Among the study’s most telling insights is that over eighty percent of parents subscribe to at least two of the five leading SVOD services—Netflix, Hulu, Disney+, Max, and Prime Video—compared to much lower figures among non-parents. Furthermore, more than one-third of families with children spend in excess of $100 per month on TV subscriptions. This marks them as high-value consumers, especially when compared with non-parents, who typically spend far less and subscribe to fewer services.

Parents are also disproportionately active in premium content and transactional video markets. According to “The Best Bundle,” over half of parents purchase or rent movies via streaming platforms, more than double the rate among those without children.

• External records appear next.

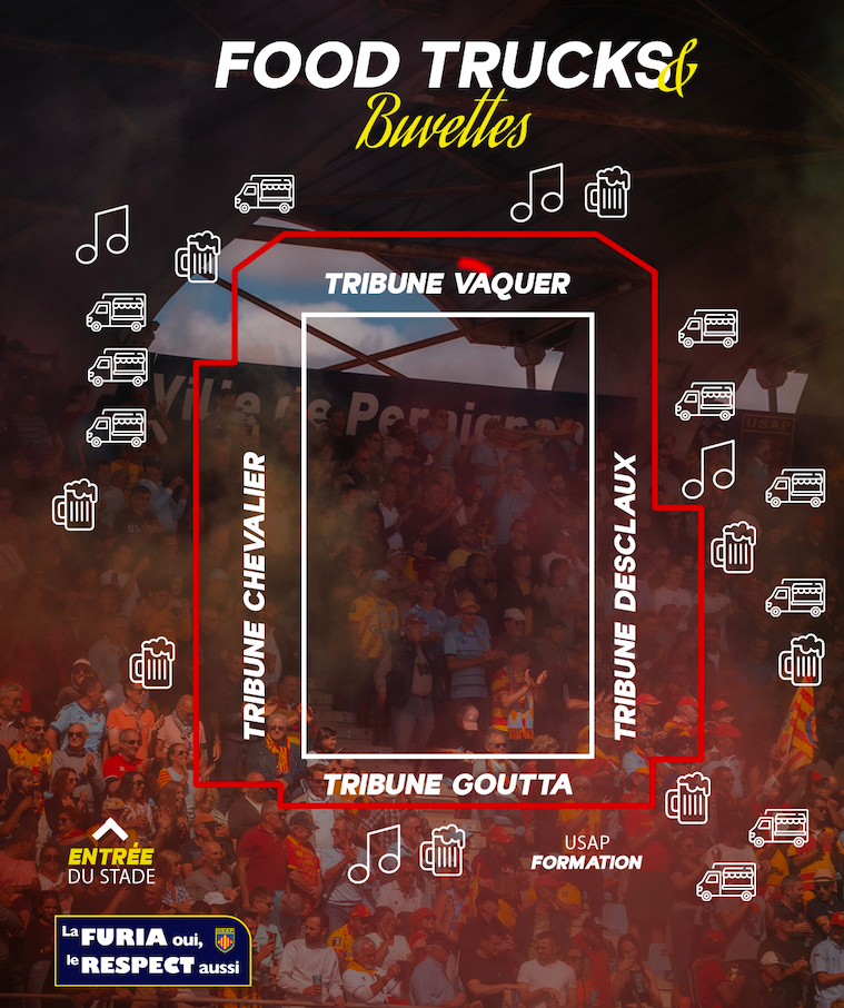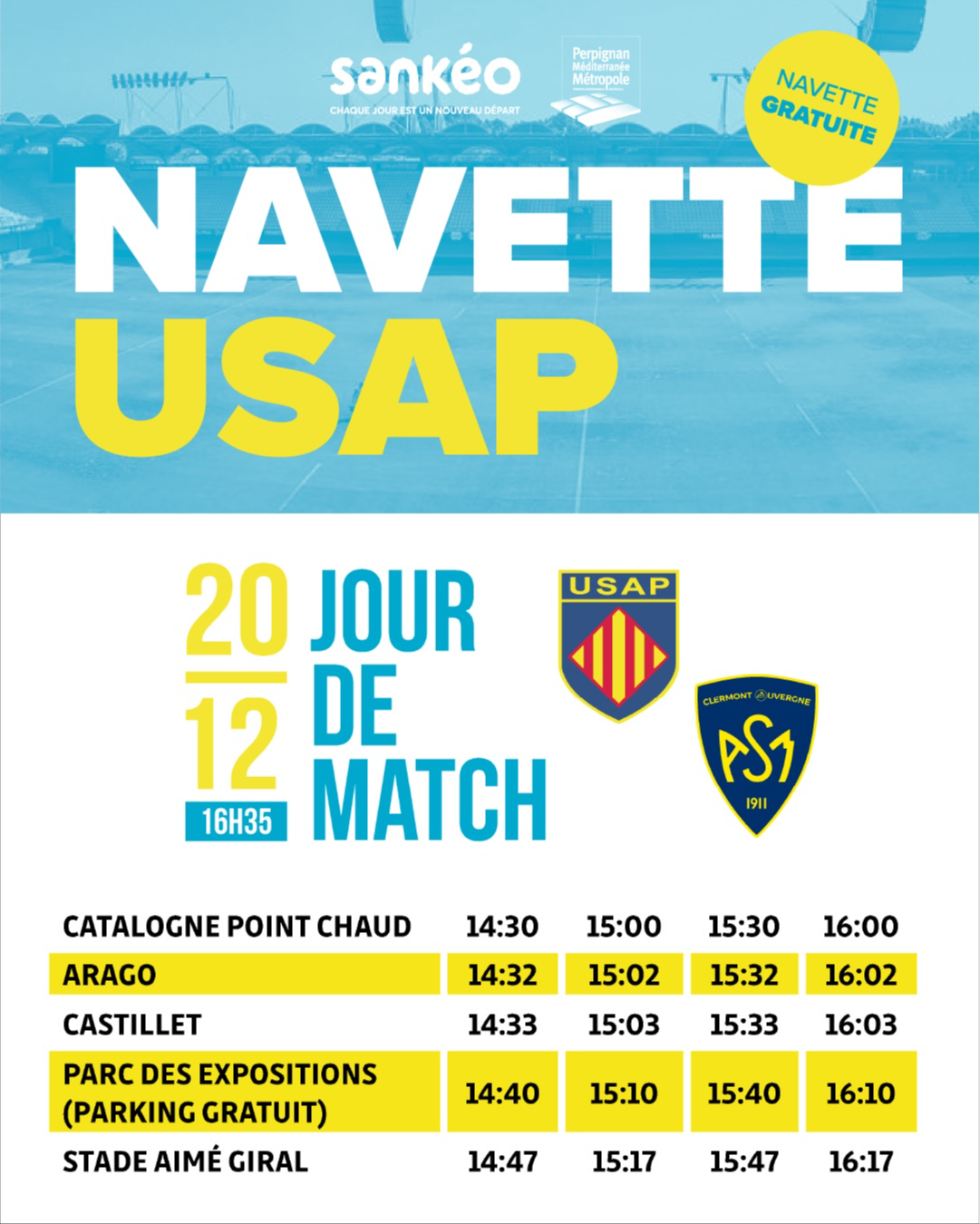 Pour vous rendre au stade, empruntez la Navette USAP. La Navette USAP est une navette gratuite sur présentation de la place du match ou de la carte d'abonnement USAP. Elle dessert le centre-ville de Perpignan et le parking du Parc des Expositions. Avant le match, le 1er départ se réalise 2h avant le coup d'envoi et le dernier départ 30 min avant le coup d'envoi. Après le match, le départ se réalise 30 mn après le coup de sifflet final. Plus d'informations sur www.sankeo.com/lignes-horaires-plans
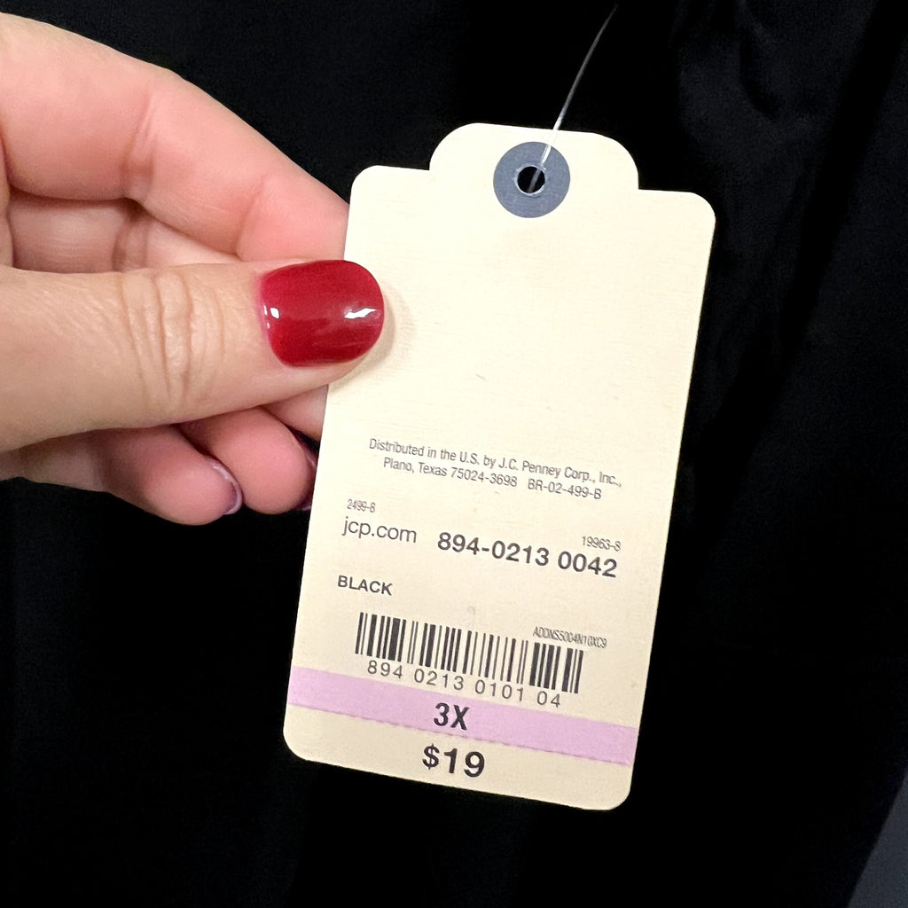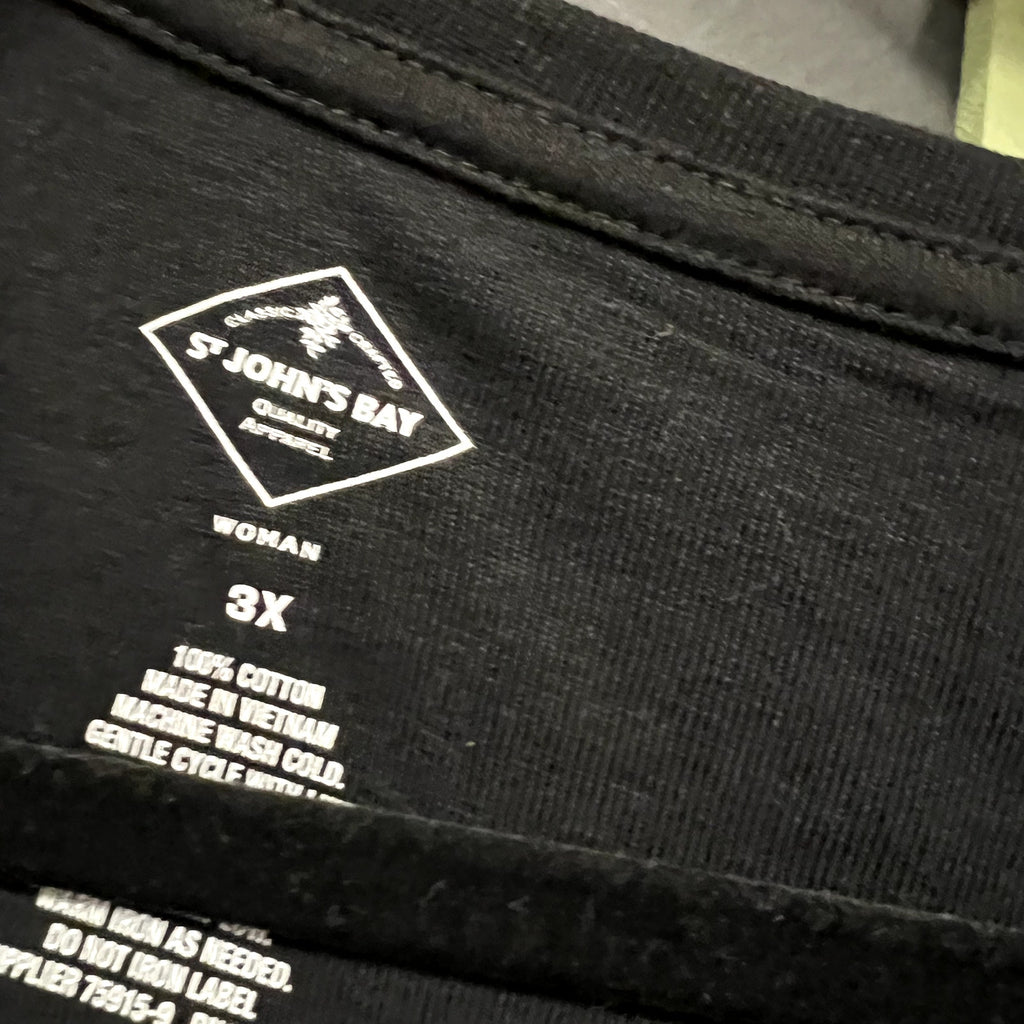 NWT St. John’s Bay Long-Sleeve Basic V-Neck Top – Black – Size 3XL
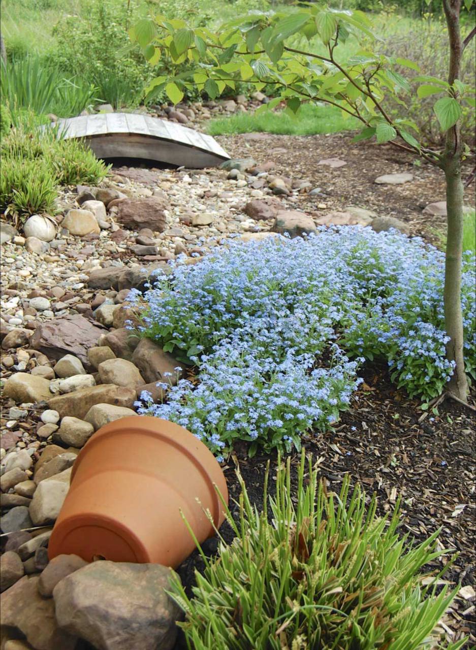 Что делает такой цветник особенным? Его основной чертой является имитация ручья или реки, проходящей через ваш сад.
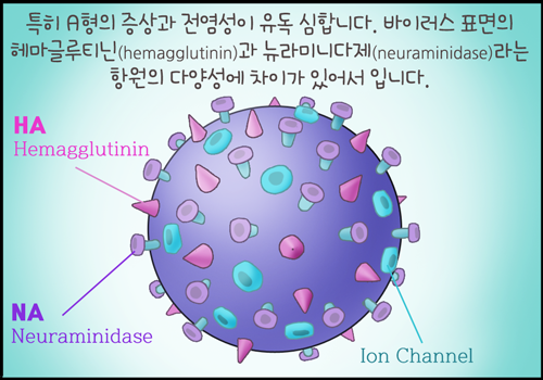 특히 A형이 증상과 전염성이 유독 심한데, 바이러스 표면에 있는 헤마글루티닌 (hemagglutinin)과 뉴라미니다제 (neuraminidase) 라는 항원의 다양성에 차이가 있어서입니다.
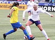 At the 2015 FIFA Women's World Cup, youngest member of the squad Greenwood shared England's left-back duties with Claire Rafferty.[32][33] She won a bronze medal when the team beat Germany in the third place play-off.[34] Although she was the youngest member of the squad, Greenwood was England's best left-footed exponent in dead-ball situations.[35]
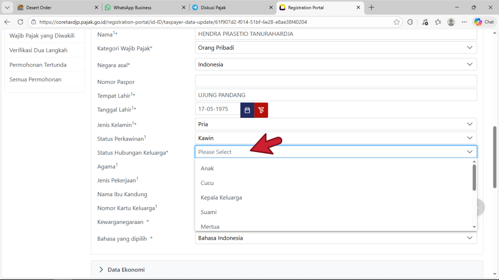 - Gulir laman ke bawah, pilih dari menu pilihan untuk melengkapi Status Hubungan Keluarga, pilih Kepala Keluarga ;
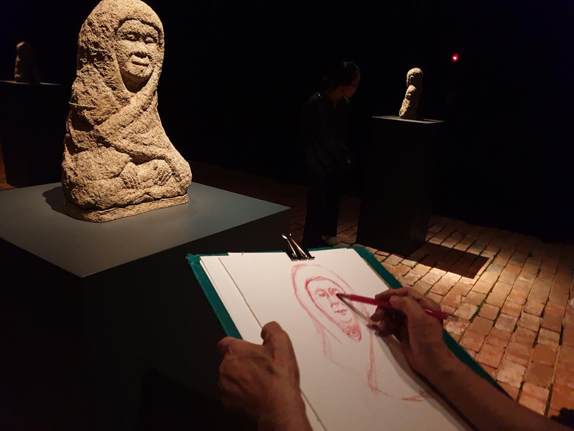 어두운 전시관, 희미한 빛을 등불 삶아 나한을 스케치하는 분이 계셨습니다. 나한의 표정에서 느껴지는 분위기와 온화함을 직접 느껴보고 싶으신가 봅니다.

In addition, forty-four percent of parents use video-on-demand services weekly, compared to just twenty-five percent of non-parents.

However, despite their financial investment, parents watch notably less TV—on average, two and a half hours less per week than viewers without kids. This paradox reflects a key tension: while families are high-spending users, they are not high-engagement users. Pressed for time due to work and parenting responsibilities, many parents maintain subscriptions out of convenience or aspirational viewing habits rather than day-to-day consumption.

The analysis also reveals a generational shift that impacts loyalty. With seventy-five percent of parents falling into Millennial or Gen Z cohorts, expectations around content access, price flexibility, and cancellation ease are radically different from prior generations. This newer demographic, raised in an on-demand, internet-native environment, is less tolerant of rigid bundling and more prone to churn.

Hub’s findings suggest that although children remain an important factor in household media decisions, the assumption that kid-centric content guarantees subscriber retention no longer holds. In the heyday of cable, channels like Nickelodeon and Disney acted as gatekeepers of household loyalty. But in 2025, the frictionless cancellation models and content abundance offered by modern platforms mean parents will drop services quickly if value or relevance slips.

"The old paradigm that kids content keeps households locked in is breaking down," said Hub's analyst. "Today’s parents are not just viewers—they are cost-conscious consumers who demand choice and control. Bundling still works, but only if it evolves with them."

These dynamics suggest a strategic rethink for MVPDs, SVODs, and FAST providers seeking to retain family households. Traditional bundling needs to be paired with intelligent, flexible packaging and content strategies that resonate with younger, tech-savvy parents. While the family demo continues to drive average revenue per user higher, it no longer guarantees the stickiness once taken for granted in the industry.